Но, возвращаясь к совершенно непричемному, непевшему и неигравшему Андрюше: Андрюшиному роялю воспротивился сам его дед Иловайский, заявивший, что «Ивану Владимировичу в доме и так довольно музыки». Бедный Андрюша, затертый между двумя браками, двумя роками: петь мальчиков не учат, а рояль – мейновское (второ-женино). Бедный Андрюша, на которого не хватило: – ушей? свободной клавиатуры? получаса времени? просто здравого смысла? чего? – всего и больше всего – слуха. Но вышло как по-писаному: ни из Валерииных горловых полосканий, ни из моего душевного туше, ни из Асиных «тили-тили» – ничего не вышло, из всех наших дарований, мучений, учений – ничего. Вышло из Андрюши, отродясь не взятого на наш горделивый музыкальный корабль, попавшего в нашем доме в некое междумузыкальное пространство, чтобы было гостям и слугам, а может быть, и городовому за окном – на чем отдохнуть: на его немоте. Но по-особому вышло, и двойной запрет сбылся: ни петь, ни играть на рояле он не стал, но, из Андрюши став Андреем, сам, самоучкой, саморучно и самоушно, научился играть сначала на гармонике, потом на балалайке, потом на мандолине, потом на гитаре, подбирая по слуху – все, и не только сам научился, еще и Асю научил на балалайке, и с большим успехом, чем мать на рояле: играла громко и верно. И последней радостью матери была радость этому большому красивому, смущенно улыбающемуся неаполитанцу-пасынку (оставленному ею с гимназическим бобриком), с ее гитарой в руках, на которой он, присев на край ее смертной постели, смущенно и уверенно играл ей все песни, которые знал, а знал – все. Гитару свою она ему завещала, передала из рук в руки: «Ты так хорошо играешь, и тебе так идет…» И, кто знает, не пожалела ли она тогда, что тогда послушалась старого деда Иловайского и своего молодого второ-жениного такта, а не своего умного, безумного сердца, то есть забывши всех дедов и жен: ту, первую, себя, вторую, нашего с Асей музыкального деда и Андрюшиного исторического, не усадила: меня – за письменный стол, Асю – за геркулес, а Андрюшу – за рояль: «До, Андрюша, до, а это ре, до – ре…» (из которого у меня никогда ничего не вышло, кроме Doré, Gustav'a…).

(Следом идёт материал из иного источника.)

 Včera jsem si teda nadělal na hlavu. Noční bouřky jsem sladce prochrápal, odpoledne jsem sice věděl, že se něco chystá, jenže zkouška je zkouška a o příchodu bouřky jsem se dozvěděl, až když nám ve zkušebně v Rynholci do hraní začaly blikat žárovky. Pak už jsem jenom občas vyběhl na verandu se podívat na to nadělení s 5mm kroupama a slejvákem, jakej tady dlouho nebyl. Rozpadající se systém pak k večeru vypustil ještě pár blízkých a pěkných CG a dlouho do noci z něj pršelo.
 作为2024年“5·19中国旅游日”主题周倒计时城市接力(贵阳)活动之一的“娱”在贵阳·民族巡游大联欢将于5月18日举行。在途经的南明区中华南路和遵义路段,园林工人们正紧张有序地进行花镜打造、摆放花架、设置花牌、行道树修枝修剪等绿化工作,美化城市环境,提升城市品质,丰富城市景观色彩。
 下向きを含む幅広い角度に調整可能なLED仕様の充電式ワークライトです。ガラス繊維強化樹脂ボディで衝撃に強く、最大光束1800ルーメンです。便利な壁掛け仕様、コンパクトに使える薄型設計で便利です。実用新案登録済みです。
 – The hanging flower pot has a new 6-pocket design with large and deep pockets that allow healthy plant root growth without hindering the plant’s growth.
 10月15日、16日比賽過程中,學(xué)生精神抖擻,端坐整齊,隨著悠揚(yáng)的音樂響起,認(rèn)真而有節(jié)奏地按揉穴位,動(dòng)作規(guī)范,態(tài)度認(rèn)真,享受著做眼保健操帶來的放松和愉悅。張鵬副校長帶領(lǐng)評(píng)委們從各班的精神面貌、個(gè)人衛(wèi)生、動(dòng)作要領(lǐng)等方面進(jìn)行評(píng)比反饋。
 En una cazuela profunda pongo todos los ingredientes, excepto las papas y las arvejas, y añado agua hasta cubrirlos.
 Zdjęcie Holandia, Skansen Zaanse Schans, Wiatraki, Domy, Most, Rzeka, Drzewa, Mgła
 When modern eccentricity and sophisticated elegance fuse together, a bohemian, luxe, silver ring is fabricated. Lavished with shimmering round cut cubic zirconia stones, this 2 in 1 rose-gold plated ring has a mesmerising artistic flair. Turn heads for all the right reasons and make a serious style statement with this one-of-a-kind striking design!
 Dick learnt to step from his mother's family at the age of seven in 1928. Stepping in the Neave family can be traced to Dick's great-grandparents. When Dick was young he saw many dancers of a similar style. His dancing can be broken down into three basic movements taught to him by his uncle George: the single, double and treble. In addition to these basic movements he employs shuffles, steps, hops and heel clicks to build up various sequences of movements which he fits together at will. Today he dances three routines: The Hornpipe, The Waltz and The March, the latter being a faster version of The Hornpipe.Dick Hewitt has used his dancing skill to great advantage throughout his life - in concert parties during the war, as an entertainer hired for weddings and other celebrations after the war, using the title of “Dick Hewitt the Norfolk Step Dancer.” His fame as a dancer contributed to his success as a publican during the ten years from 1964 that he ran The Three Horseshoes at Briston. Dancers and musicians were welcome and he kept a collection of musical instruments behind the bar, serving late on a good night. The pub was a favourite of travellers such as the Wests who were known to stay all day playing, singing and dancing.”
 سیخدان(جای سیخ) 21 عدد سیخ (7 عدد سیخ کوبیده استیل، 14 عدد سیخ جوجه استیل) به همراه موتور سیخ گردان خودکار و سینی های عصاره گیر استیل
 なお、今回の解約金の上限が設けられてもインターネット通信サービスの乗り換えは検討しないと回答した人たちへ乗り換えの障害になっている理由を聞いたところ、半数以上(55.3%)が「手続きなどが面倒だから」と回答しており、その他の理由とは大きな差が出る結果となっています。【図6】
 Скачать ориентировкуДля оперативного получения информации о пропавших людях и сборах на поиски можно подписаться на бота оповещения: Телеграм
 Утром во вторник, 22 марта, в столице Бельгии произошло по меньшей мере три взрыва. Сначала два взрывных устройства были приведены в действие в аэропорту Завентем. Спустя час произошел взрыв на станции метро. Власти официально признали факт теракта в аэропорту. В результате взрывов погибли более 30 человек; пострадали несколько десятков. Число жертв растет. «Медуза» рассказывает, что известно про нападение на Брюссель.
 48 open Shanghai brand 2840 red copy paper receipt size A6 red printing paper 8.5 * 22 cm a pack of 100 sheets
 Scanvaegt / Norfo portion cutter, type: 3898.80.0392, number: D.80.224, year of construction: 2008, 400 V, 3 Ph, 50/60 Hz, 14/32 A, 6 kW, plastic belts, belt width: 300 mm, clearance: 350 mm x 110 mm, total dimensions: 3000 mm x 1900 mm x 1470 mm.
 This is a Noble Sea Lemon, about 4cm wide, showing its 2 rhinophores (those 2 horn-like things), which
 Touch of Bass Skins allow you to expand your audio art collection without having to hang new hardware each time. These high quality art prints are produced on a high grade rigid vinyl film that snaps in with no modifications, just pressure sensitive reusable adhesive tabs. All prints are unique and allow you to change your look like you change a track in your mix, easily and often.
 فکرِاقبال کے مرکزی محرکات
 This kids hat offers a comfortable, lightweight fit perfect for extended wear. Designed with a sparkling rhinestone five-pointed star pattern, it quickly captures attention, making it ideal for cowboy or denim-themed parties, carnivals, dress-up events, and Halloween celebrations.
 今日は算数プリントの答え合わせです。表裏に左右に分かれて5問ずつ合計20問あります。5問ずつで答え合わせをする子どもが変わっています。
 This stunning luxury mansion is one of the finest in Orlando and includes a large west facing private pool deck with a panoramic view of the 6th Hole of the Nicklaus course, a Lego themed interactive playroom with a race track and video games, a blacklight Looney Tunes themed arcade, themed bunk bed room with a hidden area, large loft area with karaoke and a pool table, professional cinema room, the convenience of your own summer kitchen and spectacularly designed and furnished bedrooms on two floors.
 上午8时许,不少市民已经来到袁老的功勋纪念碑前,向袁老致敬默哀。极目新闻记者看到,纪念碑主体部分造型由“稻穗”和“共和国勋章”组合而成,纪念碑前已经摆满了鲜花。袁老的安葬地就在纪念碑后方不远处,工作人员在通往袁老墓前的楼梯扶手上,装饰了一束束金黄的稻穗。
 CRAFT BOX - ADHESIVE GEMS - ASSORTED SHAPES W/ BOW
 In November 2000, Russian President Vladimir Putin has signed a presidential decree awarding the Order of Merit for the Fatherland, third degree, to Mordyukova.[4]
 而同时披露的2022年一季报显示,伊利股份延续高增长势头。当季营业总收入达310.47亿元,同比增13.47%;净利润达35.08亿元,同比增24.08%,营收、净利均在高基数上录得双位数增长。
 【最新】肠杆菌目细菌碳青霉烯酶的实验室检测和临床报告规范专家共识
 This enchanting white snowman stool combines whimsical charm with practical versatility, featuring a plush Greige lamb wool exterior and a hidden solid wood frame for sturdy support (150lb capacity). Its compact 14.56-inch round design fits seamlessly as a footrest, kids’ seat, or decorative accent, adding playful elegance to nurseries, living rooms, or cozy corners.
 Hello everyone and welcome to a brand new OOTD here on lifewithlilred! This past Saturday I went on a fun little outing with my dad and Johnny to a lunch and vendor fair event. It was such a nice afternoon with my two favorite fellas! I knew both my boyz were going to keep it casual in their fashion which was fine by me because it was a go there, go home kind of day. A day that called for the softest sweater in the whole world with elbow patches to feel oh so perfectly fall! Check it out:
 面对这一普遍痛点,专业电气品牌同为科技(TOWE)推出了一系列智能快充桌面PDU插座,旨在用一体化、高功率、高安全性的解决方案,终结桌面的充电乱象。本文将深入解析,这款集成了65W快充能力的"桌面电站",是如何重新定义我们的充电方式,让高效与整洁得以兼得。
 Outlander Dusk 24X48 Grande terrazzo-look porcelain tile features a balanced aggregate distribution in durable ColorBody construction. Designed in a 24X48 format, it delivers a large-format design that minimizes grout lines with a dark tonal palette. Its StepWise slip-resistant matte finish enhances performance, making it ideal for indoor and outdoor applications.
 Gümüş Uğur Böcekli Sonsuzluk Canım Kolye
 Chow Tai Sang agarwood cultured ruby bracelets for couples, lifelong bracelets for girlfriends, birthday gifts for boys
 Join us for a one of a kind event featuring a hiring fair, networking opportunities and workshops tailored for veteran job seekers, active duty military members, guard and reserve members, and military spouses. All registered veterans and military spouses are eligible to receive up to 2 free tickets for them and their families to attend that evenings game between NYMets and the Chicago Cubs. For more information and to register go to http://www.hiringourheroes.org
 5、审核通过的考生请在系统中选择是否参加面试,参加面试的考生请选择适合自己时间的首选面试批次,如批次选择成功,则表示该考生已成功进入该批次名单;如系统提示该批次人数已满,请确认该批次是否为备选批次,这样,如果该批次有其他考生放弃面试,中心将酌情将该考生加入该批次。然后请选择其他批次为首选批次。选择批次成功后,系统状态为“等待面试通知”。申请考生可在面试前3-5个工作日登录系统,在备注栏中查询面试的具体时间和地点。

Но замечаю, что я еще ничего не сказала о главном действующем лице моего детства – самом рояле. (Золотыми буквами «Бэккер», – Royale а queue). Но рояль не один. В каждом играющем детстве: раз, два, три – четыре рояля. Во-первых – тот, за которым сидишь (томишься и так редко гордишься!). Во-вторых, – тот, за которым сидят – мать сидит – значит: гордишься и наслаждаешься. Не «как сейчас вижу» – так сейчас уже не вижу! – как тогда вижу ее коротковолосую, чуть волнистую, никогда не склоненную, даже в письме и в игре отброшенную голову, на высоком стержне шеи между двух таких же непреклонных свеч на выдвижных боковых досочках. И еще раз ту же голову – в одном из парных стоячих зальных зеркал, в зеркальной его вертикали над рояльной горизонталью, ту же голову, но с невидимой нам стороны (тайна зеркала, усугубленная тайной профиля!) – в отвесном зеркальном пролете, отдаляющем ее от нас на всю непостижимость и недостижимость зеркала, голову матери, между свеч от зеркала делающуюся – почти елкой!

Третий и, может быть, самый долгий, – тот, под которым сидишь: рояль изнизу, весь подводный, подрояльный мир. Подводный не только из-за музыки, лившей на голову: за нашим, между ним и окнами, заставленные его черной глыбой, отделенные и отраженные им как черным озером, стояли цветы, пальмы и филодендроны, подрояльный паркет превращавшие в настоящее водное дно, с зеленым, на лицах и на пальцах, светом, и настоящими корнями, которые можно было руками трогать, где как огромные чуда беззвучно двигались материнские ноги и педали.

 

Трезвый вопрос: почему цветы стояли за роялем? Чтобы неудобнее поливать? (С матери, при ее нраве, бы сталось!) Но от этого соединения: рояльной воды, и воды леечной, рук матери, играющих, и рук, поливающих, попеременно льющих то воду, то музыку, рояль для меня навсегда отождествлен с водою, с водой и зеленью: лиственным и водным шумом.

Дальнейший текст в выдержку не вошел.